New Supreme Court Rulings and Their Impact on Your Practice
by Michael J. Schoppmann, Esq.
In two very recent holdings, the United States Supreme Court has stepped into the arena of healthcare with perhaps more significant impact than ever before. These holdings may portend short and long term shifts in both the global structure of medical practices and the overall methods of operation under what has been previously accepted as traditional managed care models.
In Clackamas Gastroenterology Associates, P.C. vs. Wells, the nation’s highest Court has issued a ruling, which should forever alter the legal environment for physicians who are owners or partial owners of their medical practice. Traditionally, physician/owners as shareholders in a professional corporation, or partners in a professional partnership, were business owners and, therefore, were employers and not employees. This distinction which bore significant impact as the test for whether a practice must comply with federal discrimination statutes (Title VII of the Civil Rights Act of 1964, The Americans with Disabilities Act and the Age Discrimination in Employment Act) is predicated upon the number of persons so designated as employees of the medical practice. Therefore, the Court’s dramatic expansion of the potential number of employees may well, for the first time, push many medical practices under the umbrella of obligations imposed by these federal antidiscrimination laws.
Practices previously close to such thresholds, or unaware of the specific standards, should review their practice structure immediately so as to insure compliance or potentially implement present and/or future changes so as to avoid the need to comply with such onerous obligations.
In a second new ruling, Kentucky Association of Health Plans, Inc. v. Miller, Kentucky Department of Insurance, the Court has set in place what may well be a model for the elimination of all restricted physician panels or networks as normally structured by managed care companies across the country.

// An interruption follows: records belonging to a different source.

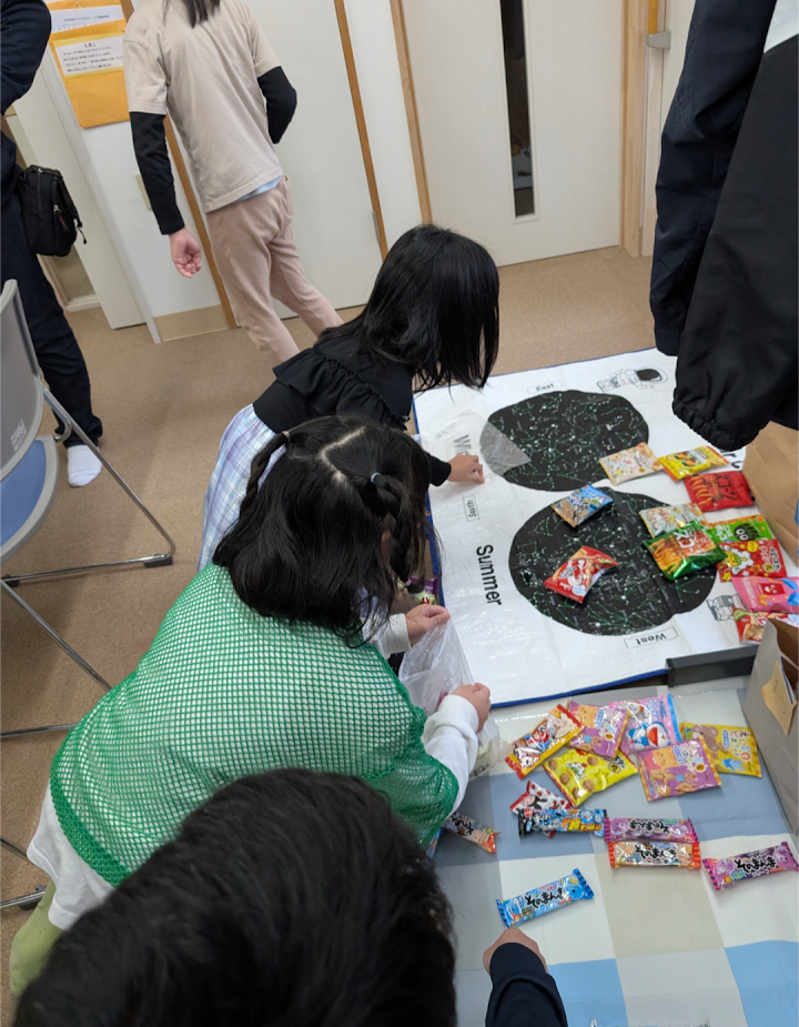 お弁当のあとはビンゴ大会!!景品はみんなが大好きなお菓子なので、カードを見る目は真剣です🍫
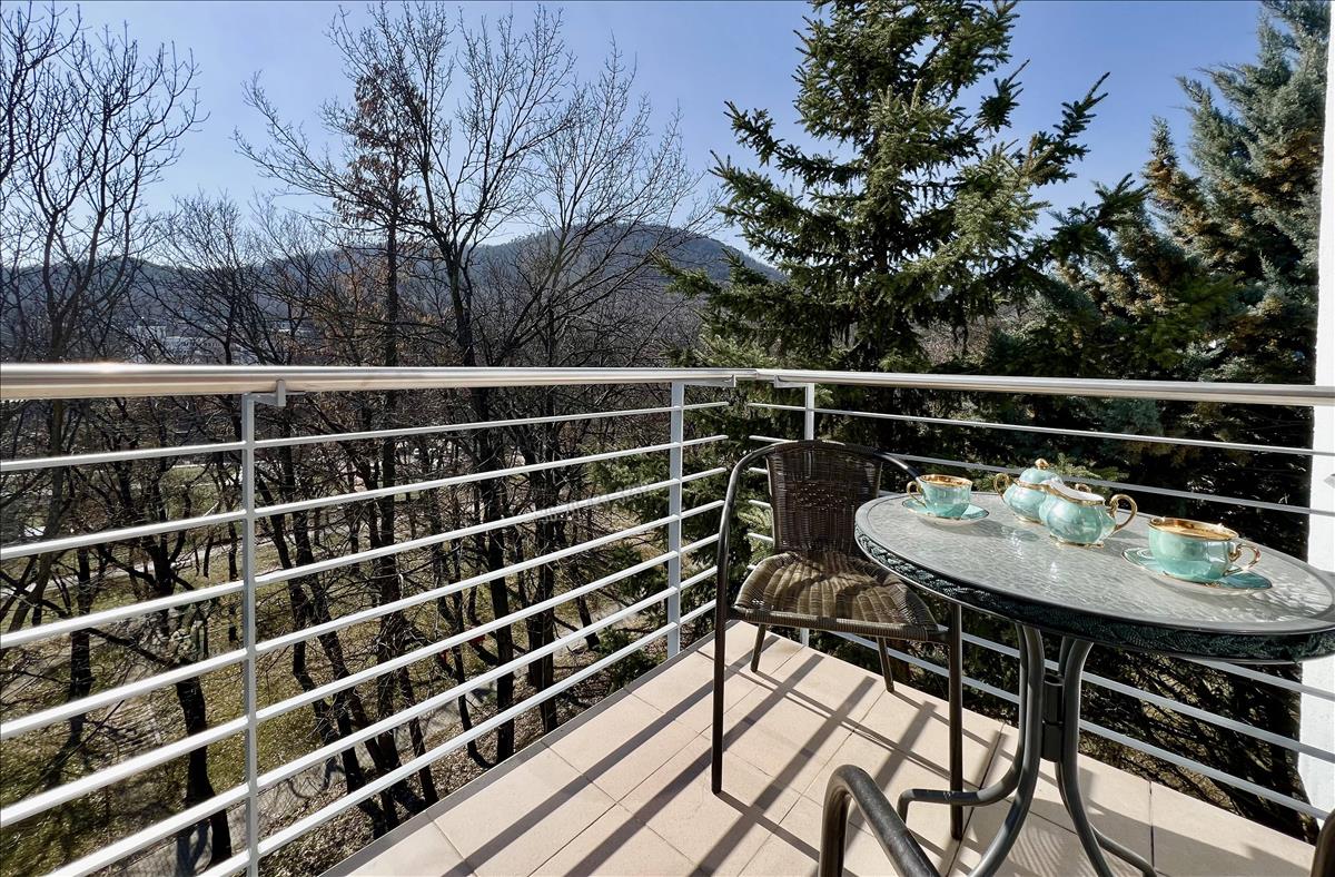 From the terrace, you can enjoy a landscaped view of the complex’s private garden and pond, as well as the iconic Erzsébet Lookout at Normafa.
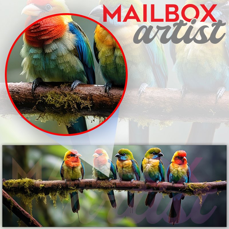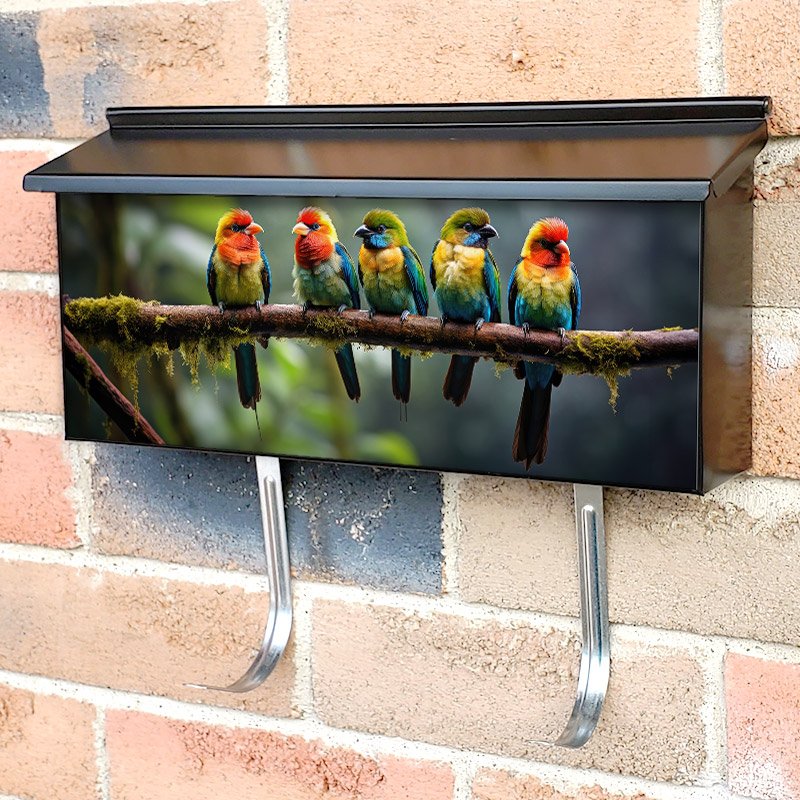 Applying your Five Tropical Birds Sitting On A Tree Branch townhouse / ranch mailbox cover it’s pretty easy to convert your mailbox to a special and unique item. These covers require a flat surface, so they work with townhouse / ranch mailboxes that do not have any embossed decoration or signs. Magnetic mailbox covers work with steel boxes, for aluminum and plastic boxes we offer the self-adhesive vinyl covers. In case your mailbox doesn’t work with these covers, you can purchase the preinstalled cover on a brand new mailbox as well. Also, you can create your custom townhouse / ranch mailbox cover using you own pictures, adding your name, street number, etc.
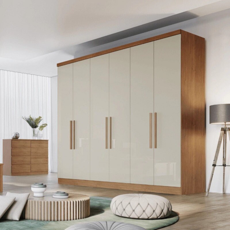 Guarda-Roupa 6 Portas 2 Gavetas Uruguai Freijó/Off White - Moval Móveis
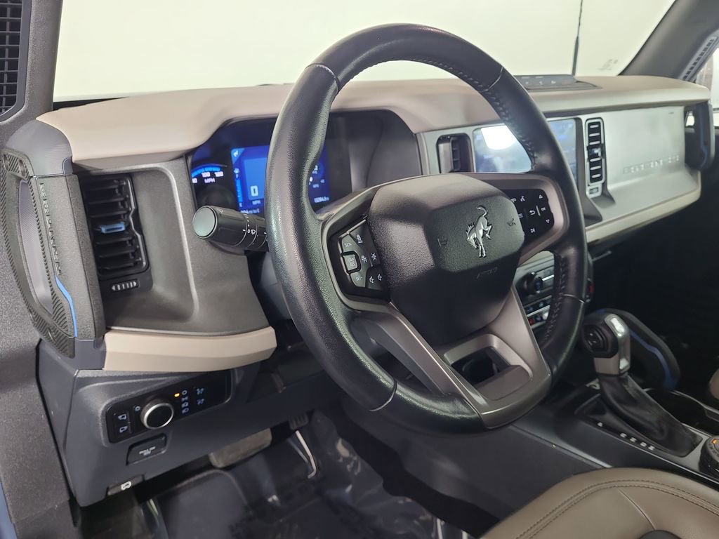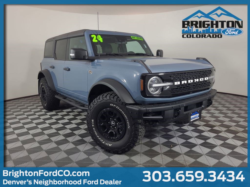 Priced below KBB Fair Purchase Price! FORD CO-PILOT360, ADAPTIVE CRUISE CONTROL, LANE MANAGEMENT SYSTEM, COLLISION WARNING SYSTEM, ONE OWNER, 360-DEGREE CAMERA, BLUETOOTH HANDS FREE, DUAL FACTORY AIR, HEATED STEERING WHEEL, HTD MIRRORS, PREMIUM WHEELS/TIRES, PARKING SENSORS, PREMIUM AUDIO, SYNC 4, FORDPASS CONNECT, TRAILER TOW PACKAGE, SOUND DEADENING HEADLINER, HARD TOP, GRAY MOLDED IN COLOR, LED SIGNATURE LIGHTING, CNCTD NAV CAPABLE, WIRELESS CHARGING PAD, HIGH/LUX PACKAGE, MID AND SASQUATCH PACKAGE, ACCIDENT FREE CARFAX. Azure Gray Metallic Tri-Coat 2024 Ford Bronco Wildtrak 4WD 10-Speed Automatic 2.7L EcoBoost V6

In challenging the Kentucky “Any Willing Provider” laws (which forbade any managed care company from discriminating against any physician willing to meet the terms and conditions of participation as established by the insurer) the Association of Health Plans argued that a consequence of upholding the law would be the elimination of any type of closed network of health care providers. The Court, while openly acknowledging such an impact, was unmoved and upheld the validity of the Kentucky laws.
As a result, in those states holding, or passing, such “Any Willing Provider” laws, the application of such a ruling should bring about significant changes in the structure of present managed care company/insurer models, reduce the negotiating power of such entities and potentially allow previously disaffected physicians to demand reentry or access to patients/panels previously denied to them.
Physicians, and their practice managers, should be mindful that such a ruling may well bring about new methods, tactics, structures and/or standards of participation by the managed care plans/insurers they contract with. New variations on the same theme of restriction and control should be carefully watched, vigorously scrutinized and potentially challenged or rejected.